• Exercise directions: Data follows below. Repeat exactly the lines between the line holding "あまりの煤の量に、煙突を外し" and the line holding "또한 Arbitrum의 balancer", inclusive, and nothing more; drop pictures.

• Given data:
-.-.-

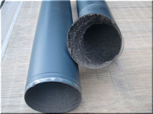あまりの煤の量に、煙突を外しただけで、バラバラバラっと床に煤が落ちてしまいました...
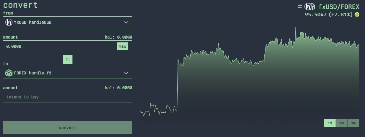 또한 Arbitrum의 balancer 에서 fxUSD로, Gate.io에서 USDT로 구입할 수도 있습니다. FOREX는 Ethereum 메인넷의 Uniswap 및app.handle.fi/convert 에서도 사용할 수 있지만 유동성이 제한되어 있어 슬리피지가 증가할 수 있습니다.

-.-.-

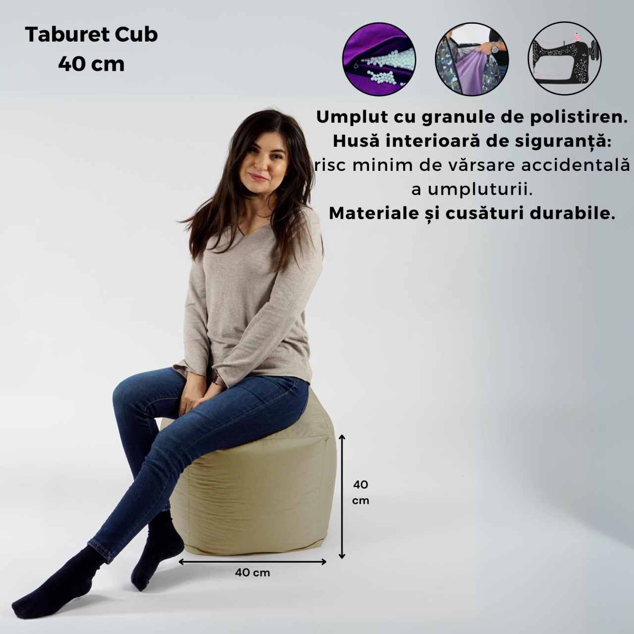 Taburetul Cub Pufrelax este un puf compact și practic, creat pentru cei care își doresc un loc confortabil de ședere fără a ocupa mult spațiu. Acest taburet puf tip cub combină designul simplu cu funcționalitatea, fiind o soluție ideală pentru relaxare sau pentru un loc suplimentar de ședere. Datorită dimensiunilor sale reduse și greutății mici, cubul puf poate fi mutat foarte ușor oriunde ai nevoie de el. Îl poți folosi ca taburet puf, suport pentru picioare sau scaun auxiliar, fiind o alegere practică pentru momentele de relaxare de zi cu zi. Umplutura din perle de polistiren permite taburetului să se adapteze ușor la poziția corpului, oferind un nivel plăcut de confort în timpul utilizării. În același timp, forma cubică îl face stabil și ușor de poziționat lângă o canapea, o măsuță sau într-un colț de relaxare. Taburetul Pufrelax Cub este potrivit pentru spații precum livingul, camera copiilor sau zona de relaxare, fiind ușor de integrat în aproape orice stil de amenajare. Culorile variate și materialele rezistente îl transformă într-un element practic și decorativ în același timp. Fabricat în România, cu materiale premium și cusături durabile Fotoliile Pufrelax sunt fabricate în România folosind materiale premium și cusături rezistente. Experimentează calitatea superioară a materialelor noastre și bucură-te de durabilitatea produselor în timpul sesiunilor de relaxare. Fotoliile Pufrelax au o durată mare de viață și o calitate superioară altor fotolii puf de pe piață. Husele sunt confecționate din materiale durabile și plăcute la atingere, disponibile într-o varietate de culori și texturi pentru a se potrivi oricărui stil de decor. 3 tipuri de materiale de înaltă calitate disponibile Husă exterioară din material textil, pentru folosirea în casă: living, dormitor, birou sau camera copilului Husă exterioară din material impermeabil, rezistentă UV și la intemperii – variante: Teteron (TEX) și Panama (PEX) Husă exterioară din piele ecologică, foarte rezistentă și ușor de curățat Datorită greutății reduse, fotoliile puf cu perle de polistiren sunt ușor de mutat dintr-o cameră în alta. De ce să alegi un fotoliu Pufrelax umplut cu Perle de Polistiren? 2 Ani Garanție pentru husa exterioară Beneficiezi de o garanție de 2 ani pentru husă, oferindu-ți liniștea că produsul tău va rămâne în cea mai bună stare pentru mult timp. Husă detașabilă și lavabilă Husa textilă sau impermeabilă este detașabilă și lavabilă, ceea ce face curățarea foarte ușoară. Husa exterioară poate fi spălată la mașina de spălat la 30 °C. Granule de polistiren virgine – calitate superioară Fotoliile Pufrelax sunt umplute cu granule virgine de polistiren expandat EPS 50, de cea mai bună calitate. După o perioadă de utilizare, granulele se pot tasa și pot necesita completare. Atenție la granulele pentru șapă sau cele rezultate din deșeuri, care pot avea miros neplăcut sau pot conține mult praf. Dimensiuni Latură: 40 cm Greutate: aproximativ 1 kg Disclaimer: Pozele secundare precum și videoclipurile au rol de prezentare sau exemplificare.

-.-.-

• Result:
あまりの煤の量に、煙突を外しただけで、バラバラバラっと床に煤が落ちてしまいました...
 또한 Arbitrum의 balancer 에서 fxUSD로, Gate.io에서 USDT로 구입할 수도 있습니다. FOREX는 Ethereum 메인넷의 Uniswap 및app.handle.fi/convert 에서도 사용할 수 있지만 유동성이 제한되어 있어 슬리피지가 증가할 수 있습니다.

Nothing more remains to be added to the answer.